Jim Inglis
- Born: James Messer Inglis 20 March 1928 Selkirk, Scotland
- Died: 20 November 2015 (aged 87) Selkirk, Scotland

Rugby union career
- Position: Prop

Amateur team(s)
- Years: Team / Apps / (Points)
- 1945-57: Selkirk
- –: King's Own Scottish Borderers

Provincial / State sides
- Years: Team / Apps / (Points)
- South
- -: Co-Optimists
- -: Scottish Borders

International career
- Years: Team / Apps / (Points)
- 1952: Scotland / 1 / (0)

= Jim Inglis =

Scotland international rugby union player & footballer

Jim Inglis (20 March 1928 – 20 November 2015) was a Scotland international rugby union footballer, who played as a Prop.

==Rugby union career==

===Amateur career===

Inglis played for Selkirk.

Inglis won the unofficial Scottish championship with Selkirk in the 1952-53 season as well as winning the Border League.
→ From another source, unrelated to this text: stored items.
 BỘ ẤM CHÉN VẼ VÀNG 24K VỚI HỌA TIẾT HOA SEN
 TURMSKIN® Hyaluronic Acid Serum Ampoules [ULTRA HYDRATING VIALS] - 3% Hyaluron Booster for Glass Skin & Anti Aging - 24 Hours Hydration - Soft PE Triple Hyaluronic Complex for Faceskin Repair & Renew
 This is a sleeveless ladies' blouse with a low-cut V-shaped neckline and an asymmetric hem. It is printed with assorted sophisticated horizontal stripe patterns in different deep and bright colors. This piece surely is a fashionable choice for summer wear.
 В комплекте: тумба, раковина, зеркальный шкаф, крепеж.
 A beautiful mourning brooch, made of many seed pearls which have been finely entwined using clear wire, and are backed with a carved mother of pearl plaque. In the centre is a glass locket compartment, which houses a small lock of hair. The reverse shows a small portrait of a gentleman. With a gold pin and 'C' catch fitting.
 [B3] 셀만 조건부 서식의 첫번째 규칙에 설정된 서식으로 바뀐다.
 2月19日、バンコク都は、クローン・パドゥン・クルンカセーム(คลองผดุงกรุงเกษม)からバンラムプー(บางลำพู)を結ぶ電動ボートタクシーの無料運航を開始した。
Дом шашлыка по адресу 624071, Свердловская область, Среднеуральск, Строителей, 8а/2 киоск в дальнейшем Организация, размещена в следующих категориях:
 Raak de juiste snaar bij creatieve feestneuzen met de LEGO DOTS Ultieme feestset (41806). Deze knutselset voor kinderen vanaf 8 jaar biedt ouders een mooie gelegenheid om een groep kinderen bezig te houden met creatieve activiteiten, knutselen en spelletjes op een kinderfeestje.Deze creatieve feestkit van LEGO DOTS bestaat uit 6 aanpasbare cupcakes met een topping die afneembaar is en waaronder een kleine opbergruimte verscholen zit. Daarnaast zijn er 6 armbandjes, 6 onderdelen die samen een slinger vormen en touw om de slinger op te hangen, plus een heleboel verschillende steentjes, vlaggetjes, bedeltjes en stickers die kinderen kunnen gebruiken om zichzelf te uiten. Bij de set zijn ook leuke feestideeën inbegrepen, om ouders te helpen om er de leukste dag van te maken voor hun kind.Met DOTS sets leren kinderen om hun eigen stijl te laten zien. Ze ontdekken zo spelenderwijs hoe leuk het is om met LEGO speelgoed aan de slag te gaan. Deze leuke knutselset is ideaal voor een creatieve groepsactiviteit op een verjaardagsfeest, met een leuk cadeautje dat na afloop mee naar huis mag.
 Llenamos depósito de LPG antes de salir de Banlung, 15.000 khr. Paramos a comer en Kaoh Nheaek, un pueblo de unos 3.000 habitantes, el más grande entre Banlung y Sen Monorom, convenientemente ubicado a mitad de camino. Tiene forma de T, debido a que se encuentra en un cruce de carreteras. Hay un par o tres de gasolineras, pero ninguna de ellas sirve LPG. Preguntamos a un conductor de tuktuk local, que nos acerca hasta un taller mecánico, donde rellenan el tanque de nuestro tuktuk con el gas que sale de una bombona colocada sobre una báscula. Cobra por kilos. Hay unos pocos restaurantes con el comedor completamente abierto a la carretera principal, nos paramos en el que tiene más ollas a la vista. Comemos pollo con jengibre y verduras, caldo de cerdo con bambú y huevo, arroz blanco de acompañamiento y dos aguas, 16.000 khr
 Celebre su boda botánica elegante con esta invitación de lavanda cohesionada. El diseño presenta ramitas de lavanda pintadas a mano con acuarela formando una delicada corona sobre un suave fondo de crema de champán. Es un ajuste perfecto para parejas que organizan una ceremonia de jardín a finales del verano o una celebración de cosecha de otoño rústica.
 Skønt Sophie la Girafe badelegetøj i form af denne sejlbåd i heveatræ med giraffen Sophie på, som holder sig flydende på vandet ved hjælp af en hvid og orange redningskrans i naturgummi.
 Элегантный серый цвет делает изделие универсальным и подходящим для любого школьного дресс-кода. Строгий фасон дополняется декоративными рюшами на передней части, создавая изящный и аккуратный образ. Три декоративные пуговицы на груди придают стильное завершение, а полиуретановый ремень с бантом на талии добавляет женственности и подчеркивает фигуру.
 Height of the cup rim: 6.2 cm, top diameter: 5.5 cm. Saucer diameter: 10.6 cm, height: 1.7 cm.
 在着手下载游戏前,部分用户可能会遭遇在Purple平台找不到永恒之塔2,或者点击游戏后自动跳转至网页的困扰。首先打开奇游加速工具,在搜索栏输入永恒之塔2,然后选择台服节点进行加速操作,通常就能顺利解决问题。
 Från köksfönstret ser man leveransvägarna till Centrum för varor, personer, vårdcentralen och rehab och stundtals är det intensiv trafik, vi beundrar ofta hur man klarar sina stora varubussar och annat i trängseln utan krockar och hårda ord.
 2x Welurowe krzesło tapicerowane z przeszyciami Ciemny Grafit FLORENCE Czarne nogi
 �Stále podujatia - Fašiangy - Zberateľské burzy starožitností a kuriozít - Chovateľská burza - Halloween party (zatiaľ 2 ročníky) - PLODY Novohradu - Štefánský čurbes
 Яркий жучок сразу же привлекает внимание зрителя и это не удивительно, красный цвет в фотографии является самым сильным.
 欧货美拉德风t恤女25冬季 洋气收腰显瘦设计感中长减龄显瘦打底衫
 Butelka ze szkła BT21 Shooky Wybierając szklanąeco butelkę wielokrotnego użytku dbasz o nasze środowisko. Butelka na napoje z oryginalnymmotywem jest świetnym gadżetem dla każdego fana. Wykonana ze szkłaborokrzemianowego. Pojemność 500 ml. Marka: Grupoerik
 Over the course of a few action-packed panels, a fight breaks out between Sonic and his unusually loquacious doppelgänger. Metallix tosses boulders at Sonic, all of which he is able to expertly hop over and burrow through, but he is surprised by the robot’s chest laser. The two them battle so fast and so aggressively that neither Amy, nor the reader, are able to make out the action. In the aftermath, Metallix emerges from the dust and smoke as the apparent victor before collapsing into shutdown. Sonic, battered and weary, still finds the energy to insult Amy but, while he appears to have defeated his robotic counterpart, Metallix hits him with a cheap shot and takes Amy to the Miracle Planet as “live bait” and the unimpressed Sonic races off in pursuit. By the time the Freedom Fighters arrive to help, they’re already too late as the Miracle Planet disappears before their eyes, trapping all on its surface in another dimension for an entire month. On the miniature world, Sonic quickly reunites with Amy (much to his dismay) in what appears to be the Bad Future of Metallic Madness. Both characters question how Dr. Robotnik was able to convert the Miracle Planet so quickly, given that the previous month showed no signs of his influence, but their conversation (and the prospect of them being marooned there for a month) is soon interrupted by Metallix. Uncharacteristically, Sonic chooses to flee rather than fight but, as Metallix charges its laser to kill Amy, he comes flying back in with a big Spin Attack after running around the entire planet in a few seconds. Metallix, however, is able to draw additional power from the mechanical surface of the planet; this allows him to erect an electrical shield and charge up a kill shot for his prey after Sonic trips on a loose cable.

During his time with the KOSB he played for their rugby side.

===Provincial career===

Inglis represented South. He played in the Scottish Inter-District Championship in its first season; 1953-54.

Inglis was also selected for the Co-Optimists and the Scottish Borderers.

===International career===

Inglis was capped for once, in 1952, in the Five Nations Calcutta Cup match against .

===Administration===

Inglis became President of Selkirk rugby club and the Border League.

Inglis received the Spirit of Rugby award in 2015, shortly before his death.

==Outside of rugby==

Inglis served in the King's Own Scottish Borderers.

For a short period he became a goalkeeper for Selkirk F.C.